Serverless computing is a relatively new buzzword and there is quite some confusion around what it means. Cloud Native Computing Foundation (CNCF) came out with a white paper defining what it means. However, different people look at serverless computing differently.

When Paperspace looks at serverless computing, in context of Gradient, it sees it as a serverless AI for end users. “A developer or a company that’s looking to integrating machine learning into their existing stack can use Gradient to deploy very complicated models. They can do complex things like training, deployment and model versioning without ever thinking about the infrastructure,” said Dillon.

That’s the crux of serverless. A developer doesn’t have to concern themselves with the nitty-gritty of provisioning, scaling, monitoring – all the baggage that comes with servers.. “Our expertise is in infrastructure. We have done all the necessary plumbing that makes it all work. We abstract all of it from users and offer tools that they can use without have to interact with that infrastructure,” said Dillon.

Paperspace has a Python integration so a customer can easily run their code on the cluster of GPUs that Paperspace manages. “As its evidently clear, serverless doesn’t mean there aren’t servers. There are servers, but we manage them. What it means for customers is that they don’t have to worry about about web servers and can start leveraging this higher level tool stack that we offer,” said Dillon.

Who is using serverless for AI?

Paperspace still has traditional customers who use GPUs for things like effects and desktop delivery, but that customer base is shrinking. Now people want to run Tensorflow and need access to GPU capabilities. “Today, our biggest audience is the machine learning audience, as responding to the demand we are moving deeper into that space.”

It’s an untapped market. There is a huge opportunity to develop in this space. “What’s happening is that people who want to get started with building cloud machine learning pipelines don’t have a lot of good tools at their disposal. There are many open source projects; if you are a DevOps kind of person, you can start using Amazon or Google, but if you want to build a more sophisticated pipeline, then things get complicated. There’s a lot of value in creating that as a layer on top of GPU compute that really abstracts away all the complexity of managing the actual hardware itself,” said Dillon.

It’s all about multi-cloud

Paperspace runs in two kinds of environments, managed Colo GPU cluster and on public cloud. In the case of managed cluster, Paperspace takes care of managing it for customers. In terms of public cloud, Paperspace leans more towards Google Cloud. “The reason is that if a customer already has a lot of data in the cloud, you want compute tools as close as possible to the data,” said Dillon.
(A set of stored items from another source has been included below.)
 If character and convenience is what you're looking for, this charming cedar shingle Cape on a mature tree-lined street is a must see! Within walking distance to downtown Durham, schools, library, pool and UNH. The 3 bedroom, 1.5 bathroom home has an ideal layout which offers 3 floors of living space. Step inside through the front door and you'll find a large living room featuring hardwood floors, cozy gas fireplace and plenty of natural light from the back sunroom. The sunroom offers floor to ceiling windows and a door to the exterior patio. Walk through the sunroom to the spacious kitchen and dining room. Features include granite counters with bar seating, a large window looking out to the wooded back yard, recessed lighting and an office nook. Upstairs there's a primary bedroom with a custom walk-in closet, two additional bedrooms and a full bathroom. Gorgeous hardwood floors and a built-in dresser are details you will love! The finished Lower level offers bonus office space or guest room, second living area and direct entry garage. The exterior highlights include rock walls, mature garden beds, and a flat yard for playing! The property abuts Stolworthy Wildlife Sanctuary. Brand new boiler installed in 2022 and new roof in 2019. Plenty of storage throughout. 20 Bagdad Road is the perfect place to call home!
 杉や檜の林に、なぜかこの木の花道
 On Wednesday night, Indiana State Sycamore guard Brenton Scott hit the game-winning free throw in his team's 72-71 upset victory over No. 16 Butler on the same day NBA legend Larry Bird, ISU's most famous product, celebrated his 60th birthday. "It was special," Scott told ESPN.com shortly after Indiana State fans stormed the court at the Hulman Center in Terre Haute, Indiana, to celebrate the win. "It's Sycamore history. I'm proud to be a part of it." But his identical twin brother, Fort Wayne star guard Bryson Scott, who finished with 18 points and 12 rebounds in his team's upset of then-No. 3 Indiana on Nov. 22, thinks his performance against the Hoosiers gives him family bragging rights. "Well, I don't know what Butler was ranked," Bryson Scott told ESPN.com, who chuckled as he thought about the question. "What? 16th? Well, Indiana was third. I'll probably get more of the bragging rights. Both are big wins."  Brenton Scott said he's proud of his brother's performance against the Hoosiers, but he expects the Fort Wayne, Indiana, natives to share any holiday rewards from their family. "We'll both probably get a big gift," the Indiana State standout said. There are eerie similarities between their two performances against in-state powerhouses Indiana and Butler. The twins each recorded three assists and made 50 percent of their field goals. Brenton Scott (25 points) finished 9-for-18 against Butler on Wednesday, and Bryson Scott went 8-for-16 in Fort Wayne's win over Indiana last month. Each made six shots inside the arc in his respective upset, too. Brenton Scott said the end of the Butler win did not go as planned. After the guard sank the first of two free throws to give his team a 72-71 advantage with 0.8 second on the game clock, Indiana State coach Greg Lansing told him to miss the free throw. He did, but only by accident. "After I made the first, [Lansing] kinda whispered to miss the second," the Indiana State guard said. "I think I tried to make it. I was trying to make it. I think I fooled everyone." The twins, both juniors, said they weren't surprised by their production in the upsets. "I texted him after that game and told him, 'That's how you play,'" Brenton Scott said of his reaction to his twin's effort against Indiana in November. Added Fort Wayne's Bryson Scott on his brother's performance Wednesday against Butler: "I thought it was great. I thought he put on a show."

Paperspace is designed with multi cloud in mind. Customers can easily move customer workload from one environment to another. A good example would be Google’s Tensor Processing Unit (TPU), which competes with Nvidia’s GPU. TPU is also integrated with Paperspace, by changing one line of code, customer workload runs on TPU instead of GPU. “As ecosystem becomes robust and more hardware comes out, we still need an orchestration layer to abstract low level details of computer infrastructure so customers don’t have to worry about multi-cloud support.”

Customers don’t like to be locked into a single vendor. Paperspace has solved that problem by creating cloud gateway connectors that can connect Paperspace network to any cloud providers including AWS and GCP.

“When customers train deep learning models, they don’t train them on the entire collection of that data,” said Dillon. A customer may have three terabytes of data. A security company, for example, may be doing some anomaly detection. They would plug Paperspace into their Amazon VPC and pull the data for machine learning into Paperspace and perform desired tasks- train the models, evaluate the models, collaborate on new technologies… or whatever they want to do.

Paperspace enables them to plug into different environments, thus supporting the multi-cloud strategy and bringing AI capabilities within their reach.